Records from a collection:
----------

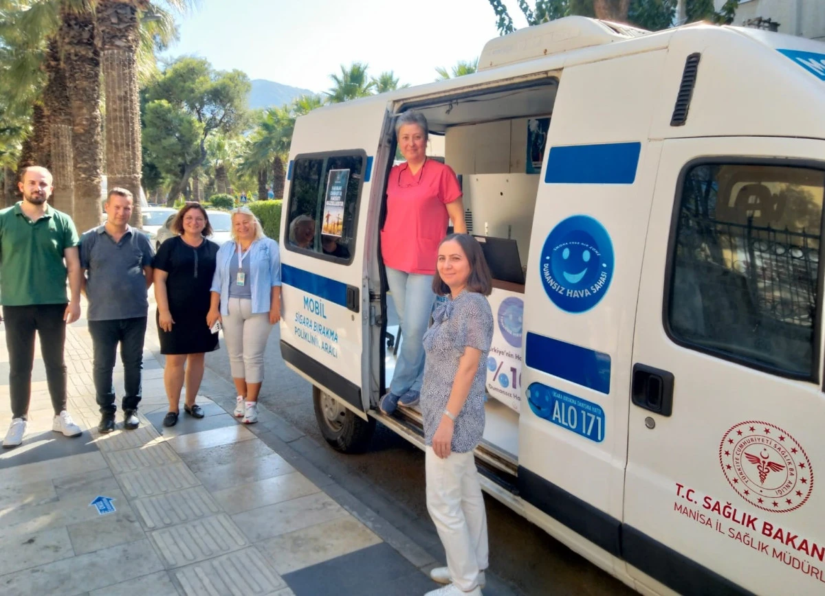 Manisa'da tütünle mücadele kapsamında tütün kullanan vatandaşlarımızda farkındalık oluşturmak için ''Tütün Bağımlılığı Tedavisi Eğitimi almış hekimler aracılığıyla Mobil Sigara Bırakma Aracında poliklinik hizmeti sunulmaya başlandı.
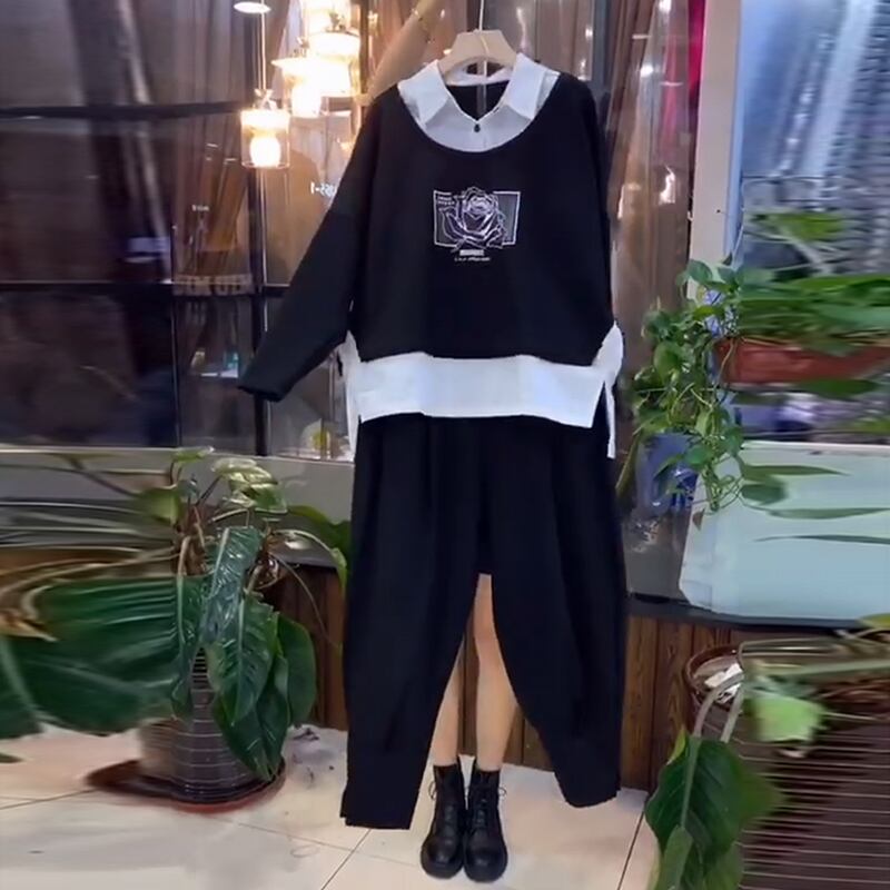 ファットmmプラスファットプラスサイズの婦人服2020新しいルーズで薄い長袖シャツパンツカジュアルウエスタンスタイルのスーツ ミックスインファッション60007077746
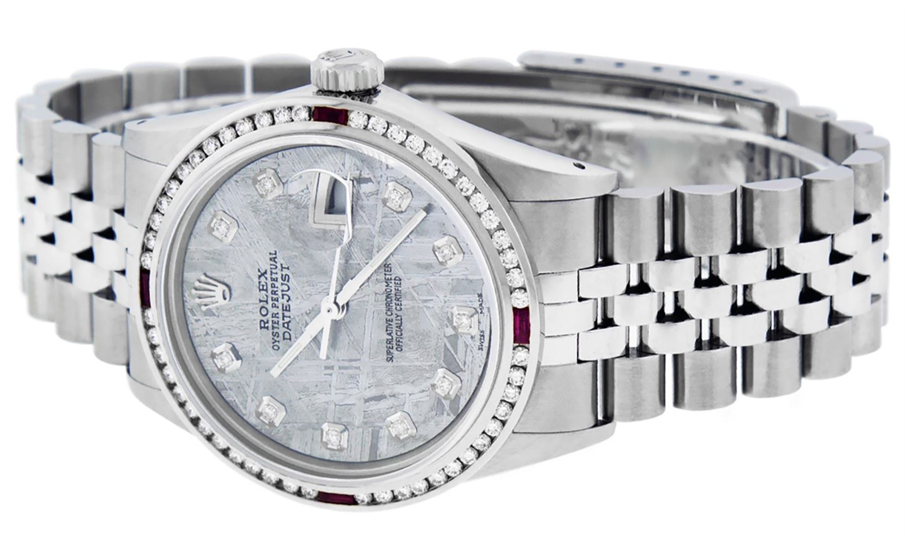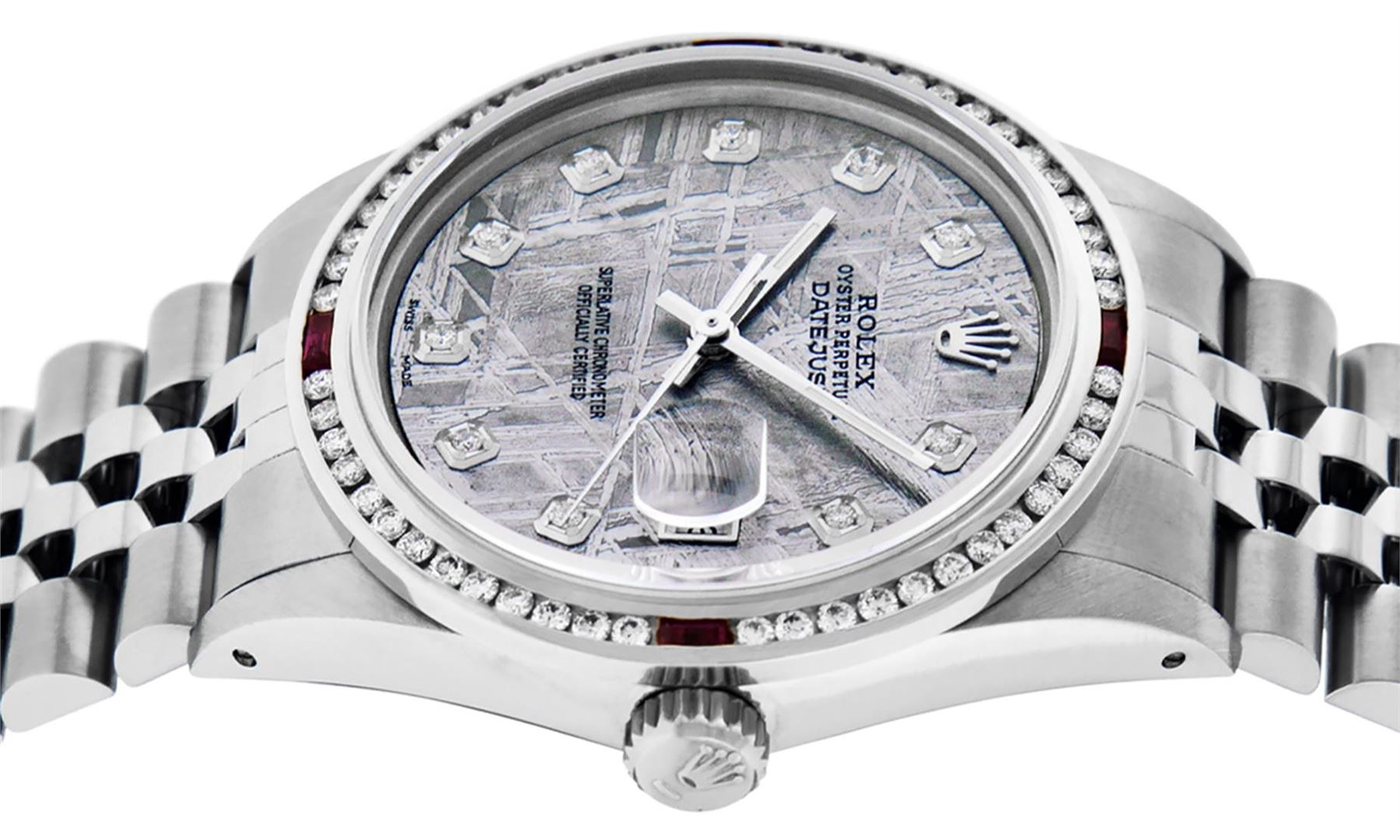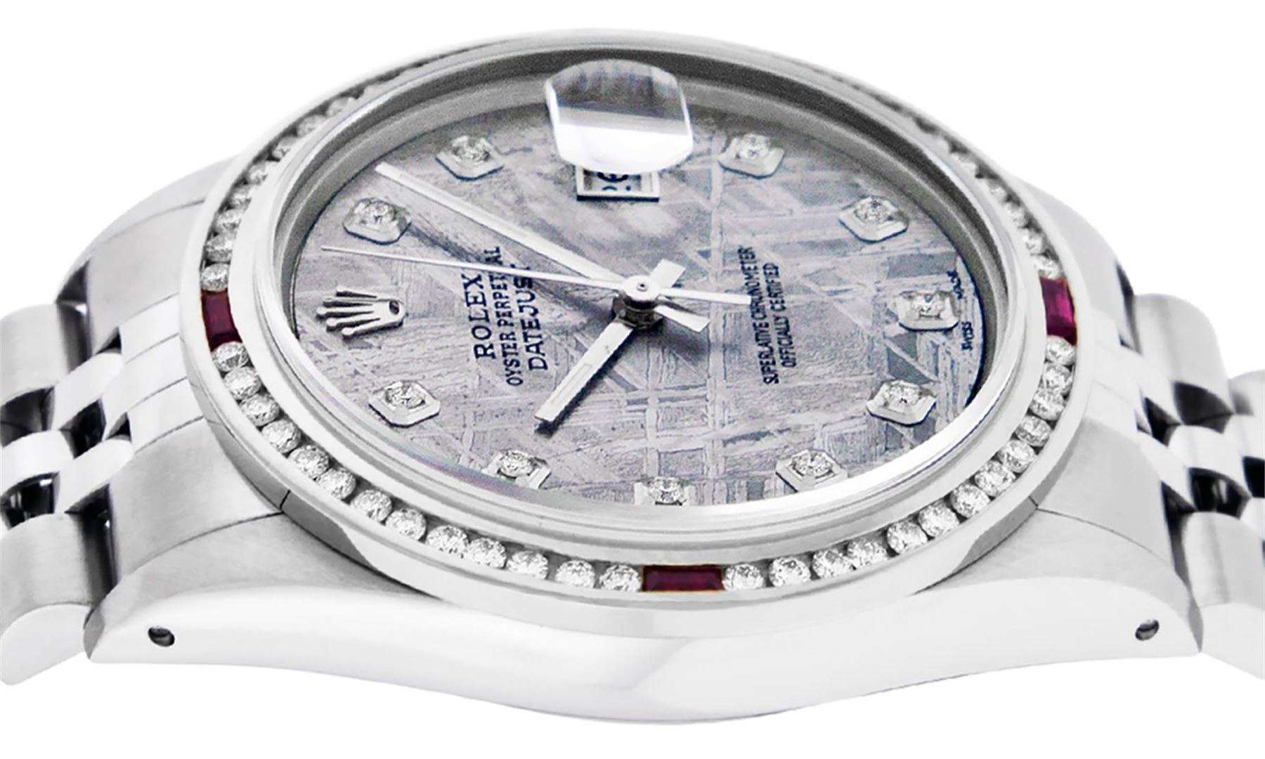 One Mens Stainless Steel Rolex Datejust Polished Bright with Satin Finish, This Watch Has Been Serviced & Electronically Tested, Stainless Steel Case: 36mm, Stainless Steel Crown, Custom Bezel: New 18K White Gold Ruby Channel Set Diamond Bezel, Diamond + Gem Count: 52 Diamonds + 4 Rubies, Total Weight 1.30 Carat, Clarity: SI-VS, Color: G to H. Custom Crystal: New Synthetic Sapphire Cyclops Lens. Custom Hands: New Luminescent Hands. Movement: Automatic Winding Movement Caliber 3035. Custom Dial: Meteorite Diamond Dial, Diamond Count: 10 Diamonds in Dial, Diamond Color: G To H In Color, Clarity: SI-VS. Date Window: 3 O'Clock Position Date Display, Quickset, Model: Datejust, Condition: G-6 Extra Fine. Bracelet: Stainless Steel Jubilee. Bracelet: 7.0 Inch Length, Adjustable. Standard Clasp, With Rolex Logo. This Watch Has Been Serviced Time Tested And Is In Excellent Condition It Is Free Of All Scratches And Dents.
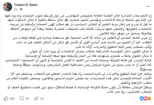 لم يظل الجدل حبيس الفضاء الإعلامي، بل وجد صداه داخل البرلمان نفسه. فقد اعتبر رئيس لجنة الحقوق والحريات بمجلس النواب، ثابت العابد، أن ما صدر “يمثل سابقة خطيرة لا يمكن السكوت عنها”، مؤكدا أن التصريحات “لا تندرج في إطار حرية التعبير أو النقاش السياسي، بل هي خطاب يُهين الضحايا ويُسقط عن جريمة الاغتصاب خطورتها ويُضفي عليها تبريرات قائمة على تصنيفات عنصرية”.
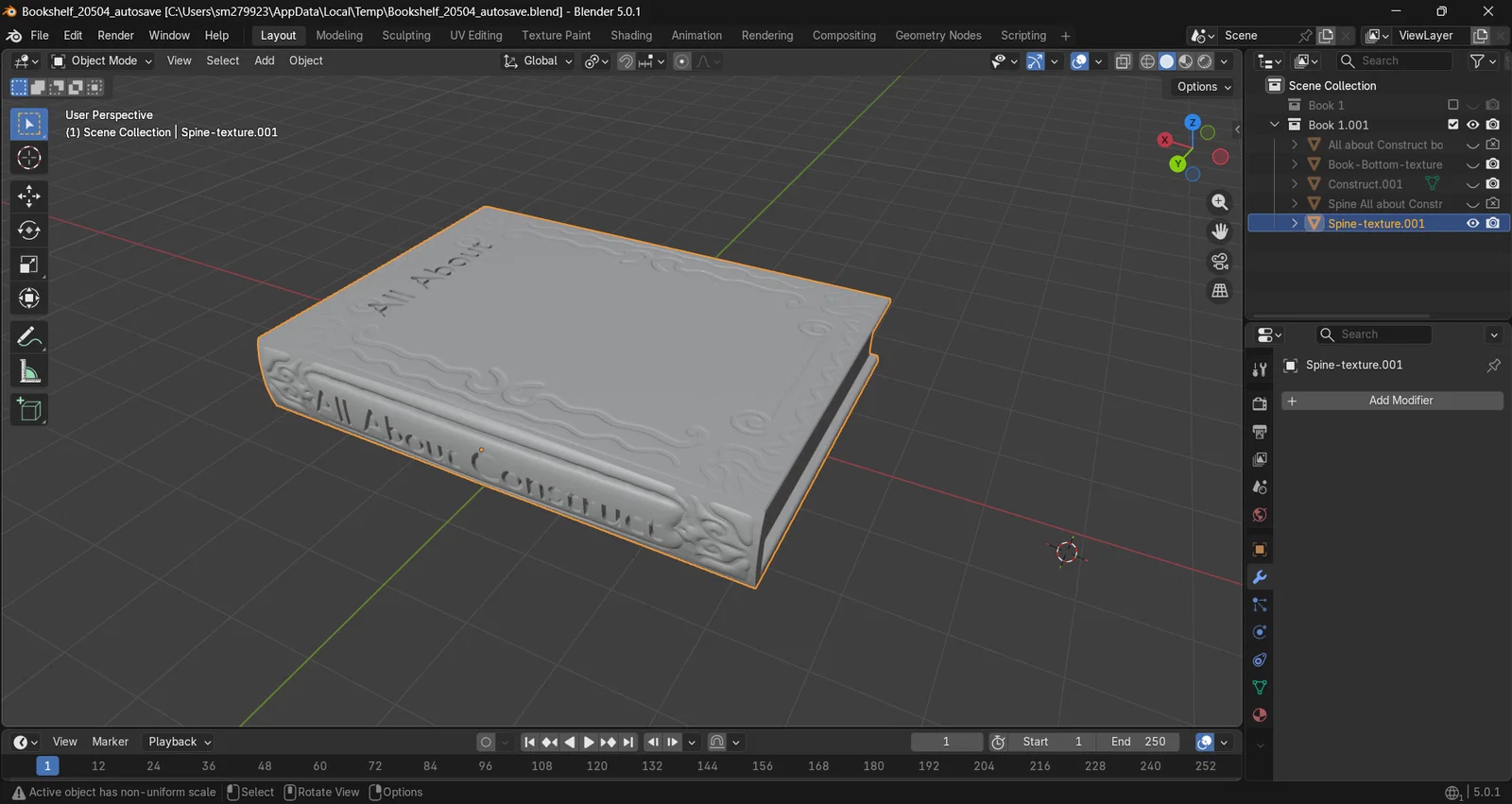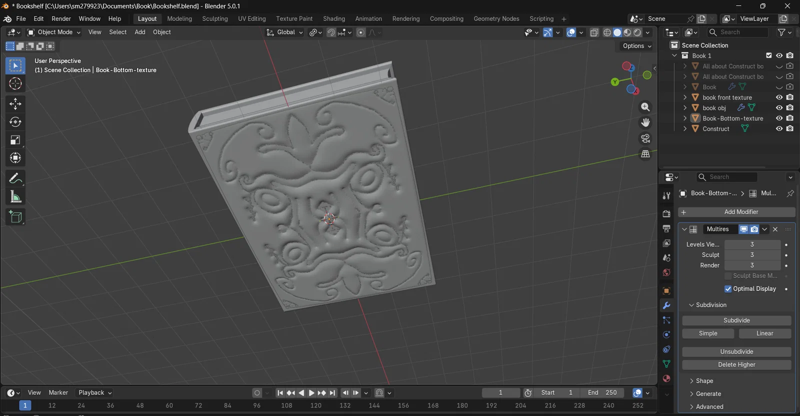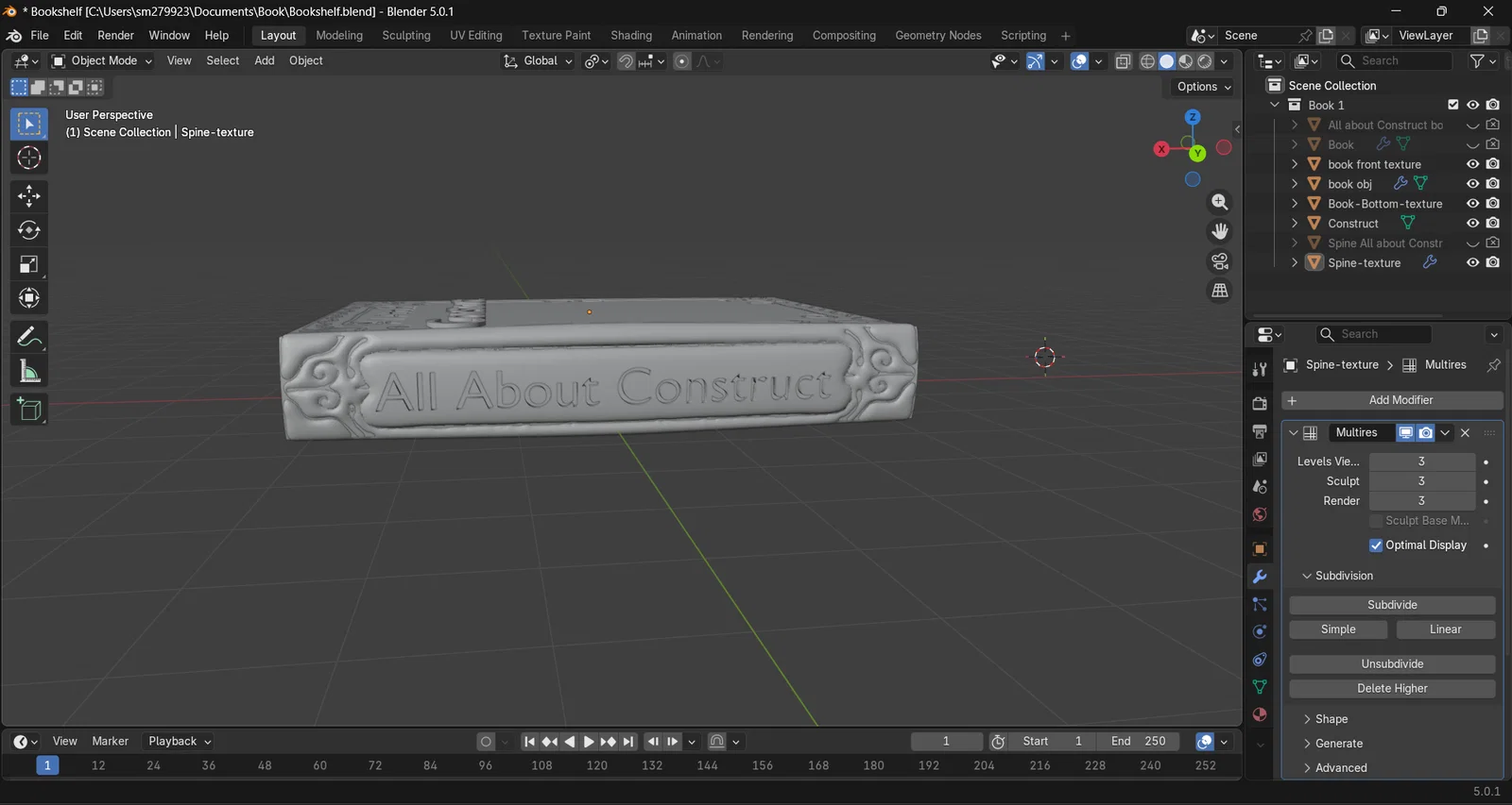Mình đang làm một cuốn sách trong Blender. Việc tạo ra một cuốn sách bằng Blender sẽ giúp mình rèn luyện kỹ năng dựng hình 3D nhờ vào phần xử lý kết cấu (textures). Mình dự định sẽ học thêm về kỹ thuật masking, nhìn thì có vẻ đơn giản nhưng cái khó là phải vẽ trên trackpad.

----------

Task brief:
Repeat the data verbatim through the "One Mens Stainless" line, no pictures.

Problem solution:
 Manisa'da tütünle mücadele kapsamında tütün kullanan vatandaşlarımızda farkındalık oluşturmak için ''Tütün Bağımlılığı Tedavisi Eğitimi almış hekimler aracılığıyla Mobil Sigara Bırakma Aracında poliklinik hizmeti sunulmaya başlandı.
 ファットmmプラスファットプラスサイズの婦人服2020新しいルーズで薄い長袖シャツパンツカジュアルウエスタンスタイルのスーツ ミックスインファッション60007077746
 One Mens Stainless Steel Rolex Datejust Polished Bright with Satin Finish, This Watch Has Been Serviced & Electronically Tested, Stainless Steel Case: 36mm, Stainless Steel Crown, Custom Bezel: New 18K White Gold Ruby Channel Set Diamond Bezel, Diamond + Gem Count: 52 Diamonds + 4 Rubies, Total Weight 1.30 Carat, Clarity: SI-VS, Color: G to H. Custom Crystal: New Synthetic Sapphire Cyclops Lens. Custom Hands: New Luminescent Hands. Movement: Automatic Winding Movement Caliber 3035. Custom Dial: Meteorite Diamond Dial, Diamond Count: 10 Diamonds in Dial, Diamond Color: G To H In Color, Clarity: SI-VS. Date Window: 3 O'Clock Position Date Display, Quickset, Model: Datejust, Condition: G-6 Extra Fine. Bracelet: Stainless Steel Jubilee. Bracelet: 7.0 Inch Length, Adjustable. Standard Clasp, With Rolex Logo. This Watch Has Been Serviced Time Tested And Is In Excellent Condition It Is Free Of All Scratches And Dents.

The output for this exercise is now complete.